Symptom: python `test_llama_transformer_block` (CUDA backend) was off
by ~1e-2 from the PyTorch reference. The PyTorch `pow(2)` decomposition
emits a chain `Log2(x) * 0.693 * 2.0 * 1.442 → Exp2`, where 1.442 is
log2(e). With rolling on, those three scalar muls fold into one body,
and `direct-exp-fusion` couldn't fuse the trailing `Mul(?, log2_e) +
Exp2` into the more accurate `KernelExp` (native expf). The truncated
log2(e) constant accumulates rounding through the multiply chain, the
diff shows up only in rows that exercise the full attention path
(row 0 matched exactly, rows 1–3 drifted).

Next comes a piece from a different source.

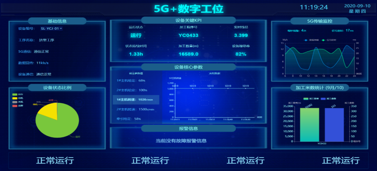 基于神龍電纜5G云工廠管理平臺(tái),建立由業(yè)務(wù)接單-研發(fā)設(shè)計(jì)-MRP-生產(chǎn)計(jì)劃-過(guò)程控制-品質(zhì)管理-倉(cāng)儲(chǔ)管理-物流發(fā)運(yùn)的完整管理協(xié)同平臺(tái);應(yīng)用5G技術(shù)實(shí)現(xiàn)車間內(nèi)部網(wǎng)絡(luò)重建;利用5G靈敏度傳輸,實(shí)現(xiàn)設(shè)備核心參數(shù)波動(dòng)的及時(shí)反饋,利用5G低延時(shí)技術(shù)實(shí)現(xiàn)數(shù)據(jù)與服務(wù)器的快速調(diào)取,并將波動(dòng)數(shù)據(jù)快速調(diào)整到標(biāo)準(zhǔn)值域,提高設(shè)備穩(wěn)定性。同時(shí)建設(shè)了邊緣數(shù)據(jù)處理中心,為日后設(shè)備接入預(yù)留了充足數(shù)據(jù)接口。
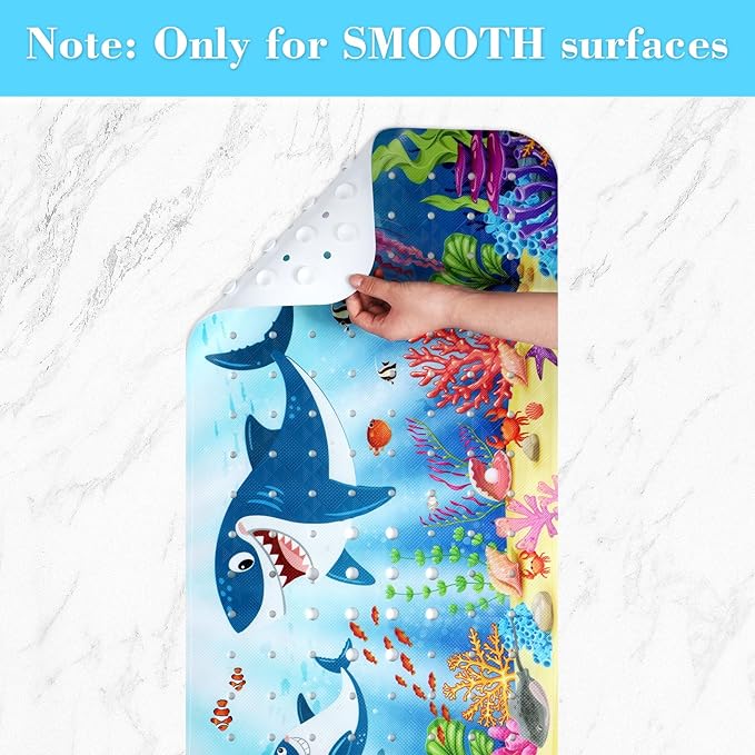 Bath Mat for Tub Non Slip, Machine Washable Anti-Slip Cartoon Baby Bathtub Shower Mat with Drain Holes and Suction Cups for Toddler & Kids, 40in x 16in, Sharks

Fix: register `binary_op_unroll_rules` in BOTH `early_rewrites()` (for
GLUMoE-style early-stage fusion, which still depends on this) AND
`rewrites()` (for full-stage kernel-level fusions like
`direct-exp-fusion`). All four binary HLIR ops (Add/Mul/Mod/LessThan)
get the same treatment.
Also adds three cuda_lite repro tests covering body=1, trips=3 chains
(plain, with residual, with downstream consumer) — all pass and would
have caught any regression in the basic rolling+unroll mechanics.
Tests:
- python CUDA: 223 passed, 4 xfailed (was 222 passed, 1 failed)
- cuda_lite: 82 passed, 0 failed
- workspace tests / fmt / clippy: clean
Adds a LessonsLearned entry per crates/luminal_python/CLAUDE.md
guidance.
Co-Authored-By: Claude Opus 4.7 (1M context) <noreply@anthropic.com>
The auto-roll prepass folds tiny scalar-mul chains (body=1, trips=2)

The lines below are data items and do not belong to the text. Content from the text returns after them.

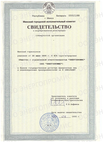 Свидетельство о государственной регистрации ООО «Энергопромис»
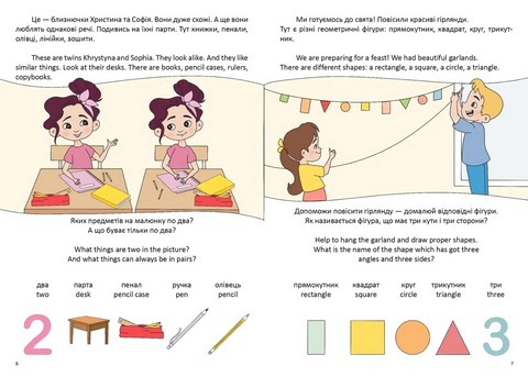 Книжка-білінгва — корисна й цікава для дітей, які вивчають англійську мову. Книжка привабить читачів короткими текстами, допоможе з опануванням базових англійських слів і речень. А пречудові ілюстрації розвинуть дитину естетично.
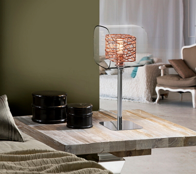 Single light with led lamp made of metal with chrome finish. Molded glass shade with inner cubic frame made in copper wire. matching ceiling light, pendant light, wall light also available.
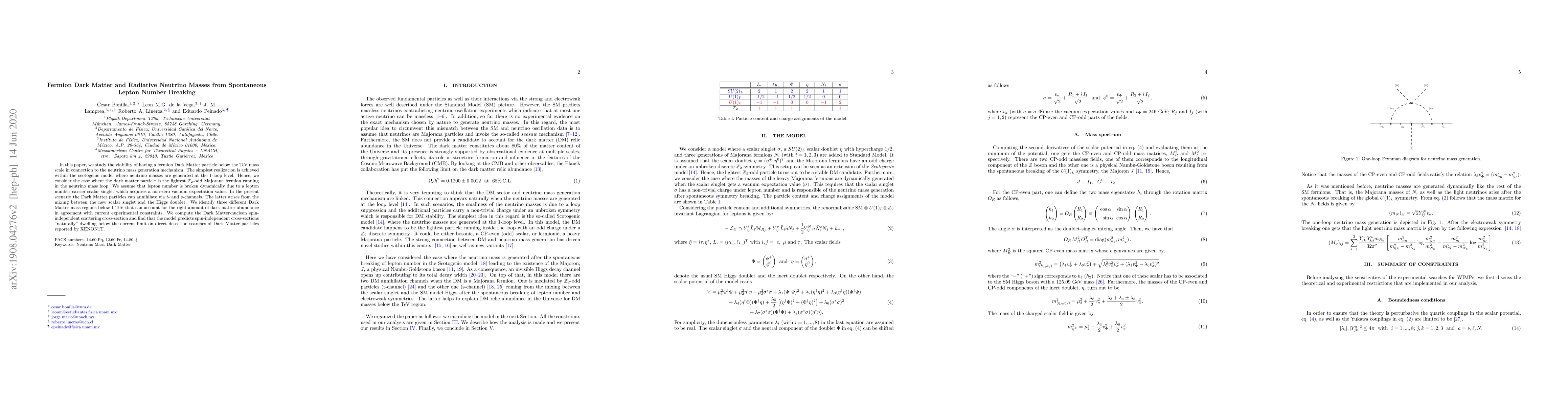 In this paper, we study the viability of having a fermion Dark Matter particle below the TeV mass scale in connection to the neutrino mass generation mechanism. The simplest realization is achieved within the scotogenic model where neutrino masses are generated at the 1-loop level. Hence, we consider the case where the dark matter particle is the lightest $\mathbb{Z}_2$-odd Majorana fermion running in the neutrino mass loop. We assume that lepton number is broken dynamically due to a lepton number carrier scalar singlet which acquires a non-zero vacuum expectation value. In the present scenario the Dark Matter particles can annihilate via $t$- and $s$-channels. The latter arises from the mixing between the new scalar singlet and the Higgs doublet. We identify three different Dark Matter mass regions below 1 TeV that can account for the right amount of dark matter abundance in agreement with current experimental constraints. We compute the Dark Matter-nucleon spin-independent scattering cross-section and find that the model predicts spin-independent cross-sections ``naturally'' dwelling below the current limit on direct detection searches of Dark Matter particles reported by XENON1T.

inside e.g. the gemma_gelu sigmoid expansion into a loop body. The
existing egglog fusion rules (GLUMoE GemmaGELU, etc.) pattern-match a
specific flat chain of binary ops and can't see through the
LoopStart/LoopInput/LoopEnd markers, so rolling silently disables the
fusion and the extracted graph is strictly worse than not rolling at
all.
Add narrow per-binary-op early rewrites that union a rolled
single-op-body loop (trips ≤ 4, state at body input position 0 or 1)

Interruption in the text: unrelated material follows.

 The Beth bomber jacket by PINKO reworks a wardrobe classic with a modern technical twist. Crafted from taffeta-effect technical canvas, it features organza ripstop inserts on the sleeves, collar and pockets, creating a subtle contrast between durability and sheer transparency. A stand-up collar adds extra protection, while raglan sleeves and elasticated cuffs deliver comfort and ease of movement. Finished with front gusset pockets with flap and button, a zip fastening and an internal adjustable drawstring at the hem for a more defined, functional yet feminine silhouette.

with its fully-unrolled equivalent in the same eclass. The cost-based
extractor then picks whichever representation downstream patterns
prefer — the unrolled form when fusions match through the flat chain,
the rolled form when nothing benefits. No threshold or special-case
in the rolling cost model; the egraph stays the source of truth.
Fixes test_glumoe_gemma_gelu_matches_unfused_output (78 → 79 passing
in cuda_lite). All four binary HLIR ops (Add, Mul, Mod, LessThan)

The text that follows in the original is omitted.